Thursday, November 17, 2005

New Traditions

Dr. George Grant often stresses the importance of celebrating the traditions of the past and melding them with local customs to form new rituals.

This past Friday midnight, Mary Gray, Fa-so-la-la, Shieldmaiden, Faintly Macabre, Muggles and I laid the dining table with a plaid tablecloth and spread Texas Low-tea. The china was varied: a cup and saucer that are part of Betsy Trotwood and The Irish Question's finest wedding dishes, a few of their second best wedding china saucers, Polish pottery cups, and one large tea mug. A Polish teapot held the Earl Gray, though Muggles had her own cup of Sleepytime tea. To tempt our sweet teeth, we also served chocolate fajitas.
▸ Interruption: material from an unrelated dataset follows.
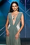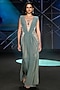 Featuring a sage green gown in stretched mesh base with a plunging neckline and gathered detail at the front. Shine like a star with soft waves, minimal diamonds, and a sleek clutch, ideal for receptions and evening galas.

The tortillas were slightly crisp, very warm, and extremely buttery; they provided the perfect contrast to the half-melted milk chocolate chips in between tortillas. Thus we blended English High-tea with our late-night randomness, combined the Hispanic culture in Texas with the universal love of chocolate, and stirred to create our own diverse, unique tradition.

2 Comments:

At 12:31 PM, Blogger beatrice said...

Man, that was fun!
We ought to have tried M&M quesadillas.
Hypothetically speaking, as it were...

 
At 8:18 PM, Blogger fa-so-la-la said...

What a night...we then proceed to take our sugar high out to the backyard and climb trees and swing. And quote Kathrine Hepburn movies.

"I've got my head, I've lost my lepoard!"